**What the task requires**
Once "Apresentamos o nosso" turns up in a line below, reproduce that line and those after it exactly, stopping after the line with "Gli pneumatici da"; leave pictures out.

**Task inputs**
* * *
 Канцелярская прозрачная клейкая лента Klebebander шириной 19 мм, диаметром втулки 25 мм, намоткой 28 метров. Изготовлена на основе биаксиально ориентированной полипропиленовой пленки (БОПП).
* * *
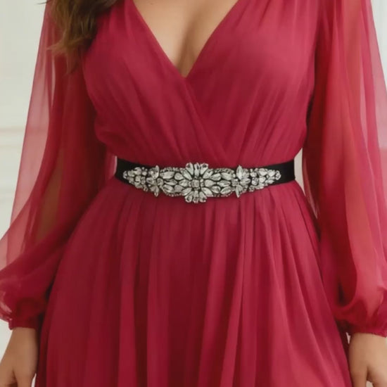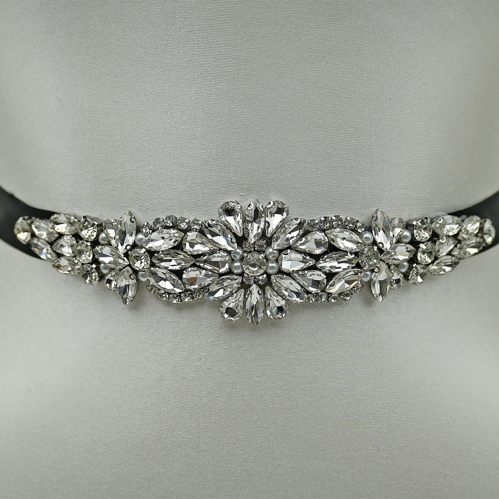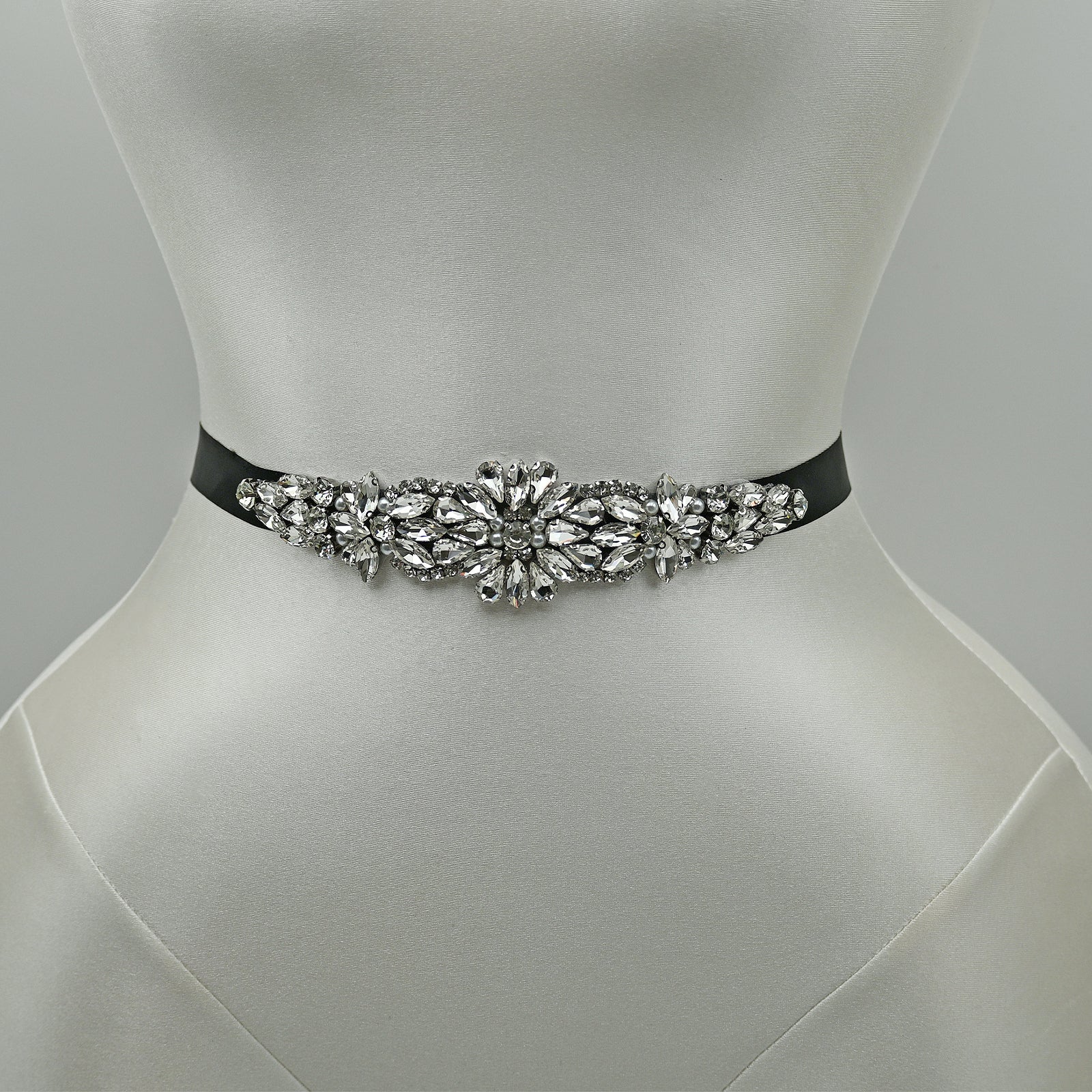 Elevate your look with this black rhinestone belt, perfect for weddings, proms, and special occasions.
* * *
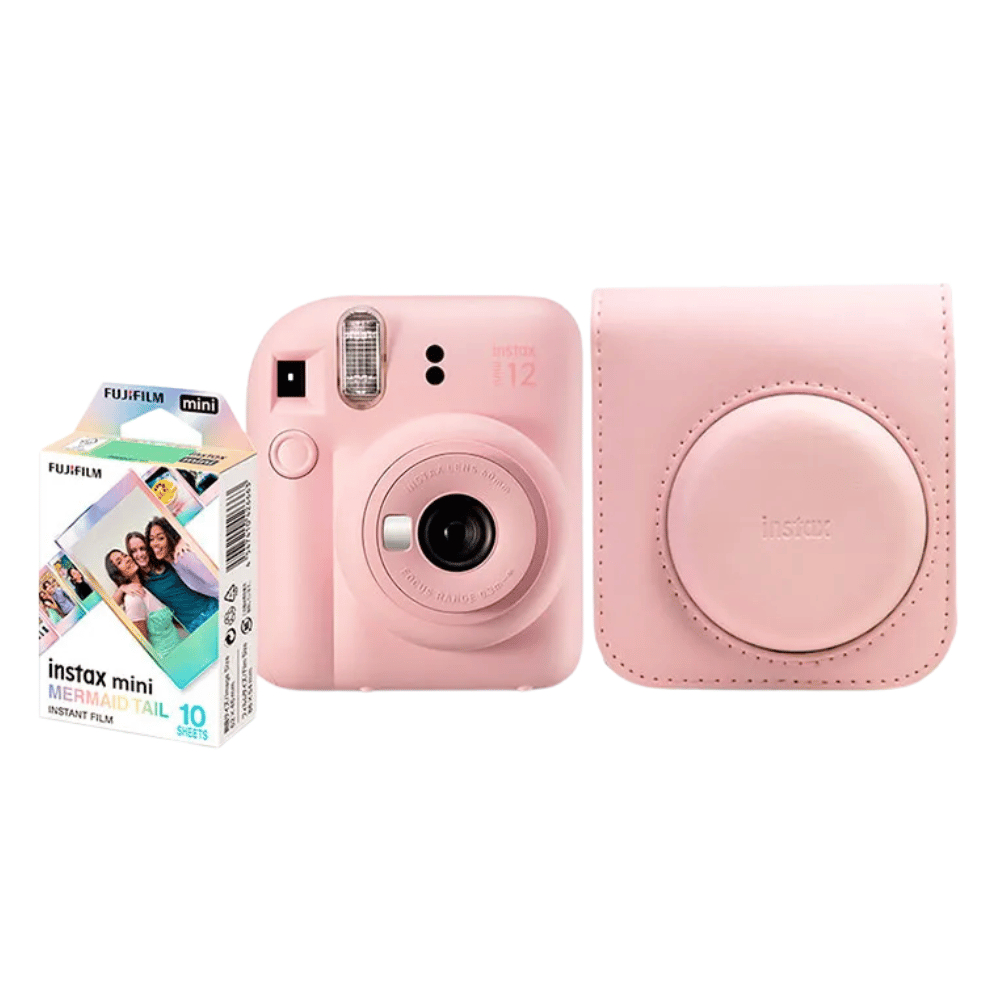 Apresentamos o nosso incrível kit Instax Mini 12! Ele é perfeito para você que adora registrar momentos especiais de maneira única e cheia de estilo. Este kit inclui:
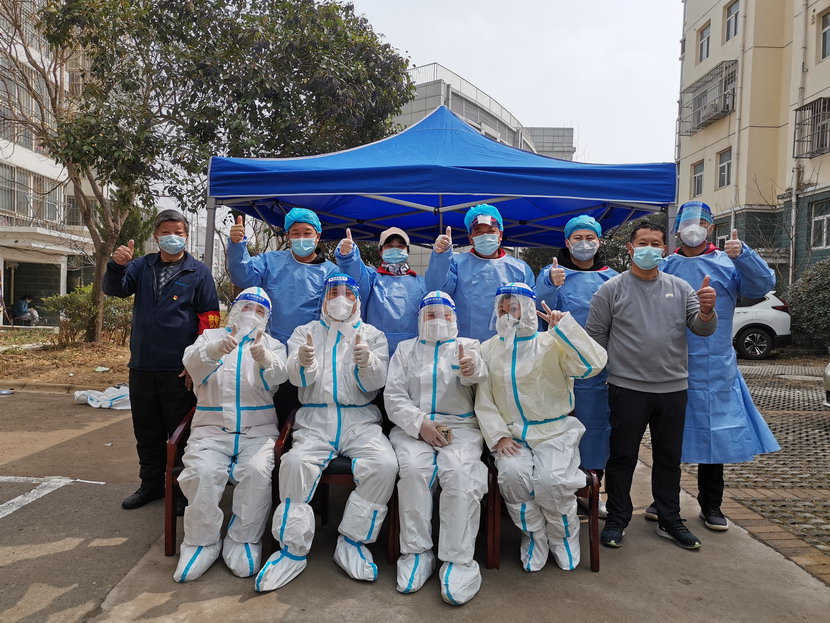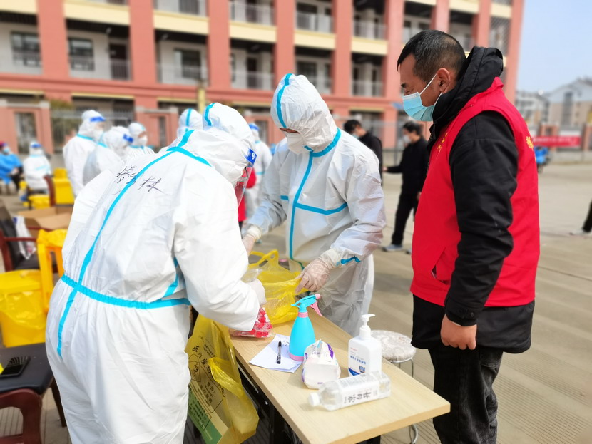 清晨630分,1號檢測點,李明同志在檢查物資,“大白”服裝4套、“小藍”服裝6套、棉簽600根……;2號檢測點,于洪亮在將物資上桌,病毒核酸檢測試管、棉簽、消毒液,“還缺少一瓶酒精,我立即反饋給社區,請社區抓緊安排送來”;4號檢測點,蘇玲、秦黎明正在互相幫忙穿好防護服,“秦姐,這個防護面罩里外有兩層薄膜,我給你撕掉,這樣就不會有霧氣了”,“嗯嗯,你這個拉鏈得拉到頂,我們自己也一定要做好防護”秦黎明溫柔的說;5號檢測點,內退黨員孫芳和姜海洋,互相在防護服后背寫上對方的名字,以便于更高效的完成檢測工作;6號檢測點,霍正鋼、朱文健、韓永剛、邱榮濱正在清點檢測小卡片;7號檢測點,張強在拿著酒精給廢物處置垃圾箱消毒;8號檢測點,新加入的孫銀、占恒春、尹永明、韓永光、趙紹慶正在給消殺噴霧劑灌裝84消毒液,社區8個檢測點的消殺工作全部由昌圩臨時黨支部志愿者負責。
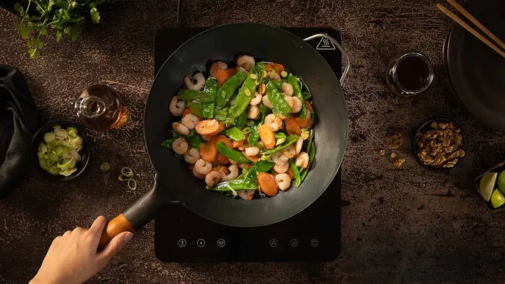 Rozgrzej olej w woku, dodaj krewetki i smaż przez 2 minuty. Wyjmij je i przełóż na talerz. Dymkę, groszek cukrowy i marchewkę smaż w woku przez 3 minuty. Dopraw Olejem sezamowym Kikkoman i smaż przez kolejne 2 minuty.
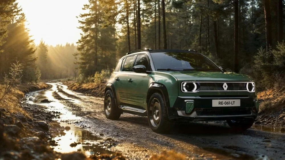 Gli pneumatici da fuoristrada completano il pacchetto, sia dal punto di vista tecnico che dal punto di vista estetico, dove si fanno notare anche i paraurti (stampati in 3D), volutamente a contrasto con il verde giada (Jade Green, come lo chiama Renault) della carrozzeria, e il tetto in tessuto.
* * *
**Answer to this problem**
 Apresentamos o nosso incrível kit Instax Mini 12! Ele é perfeito para você que adora registrar momentos especiais de maneira única e cheia de estilo. Este kit inclui:
 清晨630分,1號檢測點,李明同志在檢查物資,“大白”服裝4套、“小藍”服裝6套、棉簽600根……;2號檢測點,于洪亮在將物資上桌,病毒核酸檢測試管、棉簽、消毒液,“還缺少一瓶酒精,我立即反饋給社區,請社區抓緊安排送來”;4號檢測點,蘇玲、秦黎明正在互相幫忙穿好防護服,“秦姐,這個防護面罩里外有兩層薄膜,我給你撕掉,這樣就不會有霧氣了”,“嗯嗯,你這個拉鏈得拉到頂,我們自己也一定要做好防護”秦黎明溫柔的說;5號檢測點,內退黨員孫芳和姜海洋,互相在防護服后背寫上對方的名字,以便于更高效的完成檢測工作;6號檢測點,霍正鋼、朱文健、韓永剛、邱榮濱正在清點檢測小卡片;7號檢測點,張強在拿著酒精給廢物處置垃圾箱消毒;8號檢測點,新加入的孫銀、占恒春、尹永明、韓永光、趙紹慶正在給消殺噴霧劑灌裝84消毒液,社區8個檢測點的消殺工作全部由昌圩臨時黨支部志愿者負責。
 Rozgrzej olej w woku, dodaj krewetki i smaż przez 2 minuty. Wyjmij je i przełóż na talerz. Dymkę, groszek cukrowy i marchewkę smaż w woku przez 3 minuty. Dopraw Olejem sezamowym Kikkoman i smaż przez kolejne 2 minuty.
 Gli pneumatici da fuoristrada completano il pacchetto, sia dal punto di vista tecnico che dal punto di vista estetico, dove si fanno notare anche i paraurti (stampati in 3D), volutamente a contrasto con il verde giada (Jade Green, come lo chiama Renault) della carrozzeria, e il tetto in tessuto.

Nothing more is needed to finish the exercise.